## YOUR ASSIGNMENT
Nothing but the lines below from the one with "太陽も羨む輝きで男の視線を独" through the one with "Teal Blue och" should be output, each exactly as given, and no pictures.

## PROVIDED INFORMATION
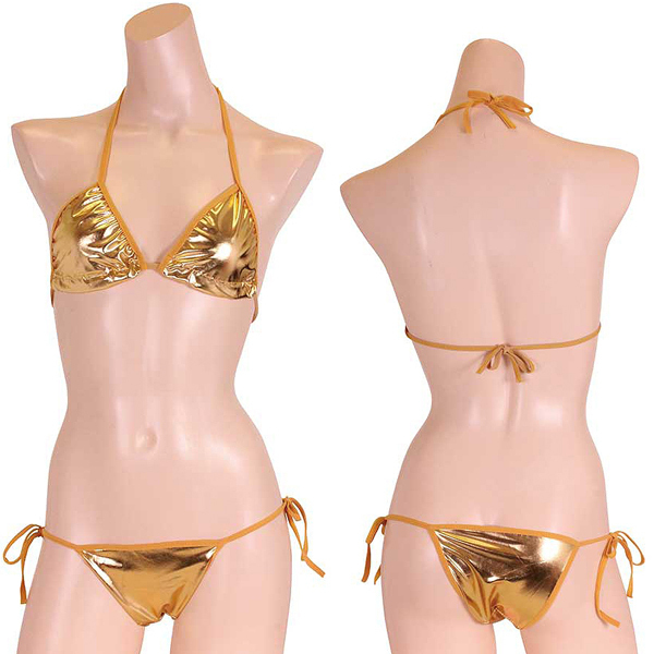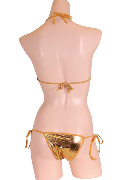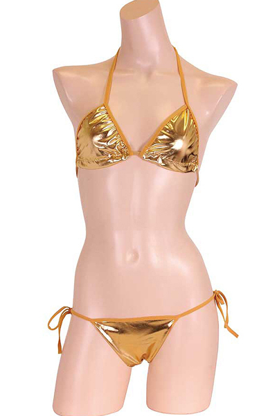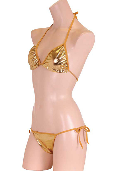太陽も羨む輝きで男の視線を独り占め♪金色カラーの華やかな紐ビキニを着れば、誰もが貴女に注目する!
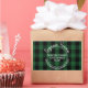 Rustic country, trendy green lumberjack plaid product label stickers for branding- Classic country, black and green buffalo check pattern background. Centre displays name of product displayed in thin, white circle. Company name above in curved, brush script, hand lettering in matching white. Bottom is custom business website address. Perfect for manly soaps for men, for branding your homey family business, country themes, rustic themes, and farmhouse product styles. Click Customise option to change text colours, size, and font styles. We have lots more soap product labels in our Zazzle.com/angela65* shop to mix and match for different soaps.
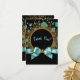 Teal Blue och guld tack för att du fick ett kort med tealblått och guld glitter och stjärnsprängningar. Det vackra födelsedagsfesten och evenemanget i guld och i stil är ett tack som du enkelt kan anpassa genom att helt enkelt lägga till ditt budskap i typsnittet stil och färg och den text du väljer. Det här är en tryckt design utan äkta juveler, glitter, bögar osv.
...
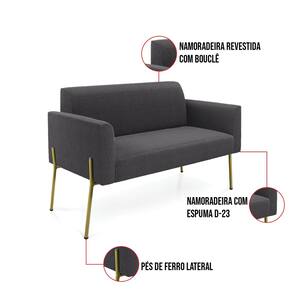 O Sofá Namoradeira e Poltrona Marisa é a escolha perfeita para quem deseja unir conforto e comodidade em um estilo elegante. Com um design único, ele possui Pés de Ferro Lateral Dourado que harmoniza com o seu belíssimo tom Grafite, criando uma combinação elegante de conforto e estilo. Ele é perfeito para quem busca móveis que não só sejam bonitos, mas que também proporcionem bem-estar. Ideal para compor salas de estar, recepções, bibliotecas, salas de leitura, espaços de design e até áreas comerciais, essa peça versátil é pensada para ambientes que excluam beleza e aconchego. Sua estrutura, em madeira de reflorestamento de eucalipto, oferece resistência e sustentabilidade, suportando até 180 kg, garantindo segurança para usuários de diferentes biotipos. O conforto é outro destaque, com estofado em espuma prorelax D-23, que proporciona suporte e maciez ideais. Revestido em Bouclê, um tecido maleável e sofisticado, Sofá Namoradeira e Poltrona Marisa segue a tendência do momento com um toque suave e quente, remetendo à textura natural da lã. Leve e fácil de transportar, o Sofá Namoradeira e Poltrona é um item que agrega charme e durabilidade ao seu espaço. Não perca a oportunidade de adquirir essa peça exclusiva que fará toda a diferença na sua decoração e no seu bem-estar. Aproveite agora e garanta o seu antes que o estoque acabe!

## RESULT
太陽も羨む輝きで男の視線を独り占め♪金色カラーの華やかな紐ビキニを着れば、誰もが貴女に注目する!
 Rustic country, trendy green lumberjack plaid product label stickers for branding- Classic country, black and green buffalo check pattern background. Centre displays name of product displayed in thin, white circle. Company name above in curved, brush script, hand lettering in matching white. Bottom is custom business website address. Perfect for manly soaps for men, for branding your homey family business, country themes, rustic themes, and farmhouse product styles. Click Customise option to change text colours, size, and font styles. We have lots more soap product labels in our Zazzle.com/angela65* shop to mix and match for different soaps.
 Teal Blue och guld tack för att du fick ett kort med tealblått och guld glitter och stjärnsprängningar. Det vackra födelsedagsfesten och evenemanget i guld och i stil är ett tack som du enkelt kan anpassa genom att helt enkelt lägga till ditt budskap i typsnittet stil och färg och den text du väljer. Det här är en tryckt design utan äkta juveler, glitter, bögar osv.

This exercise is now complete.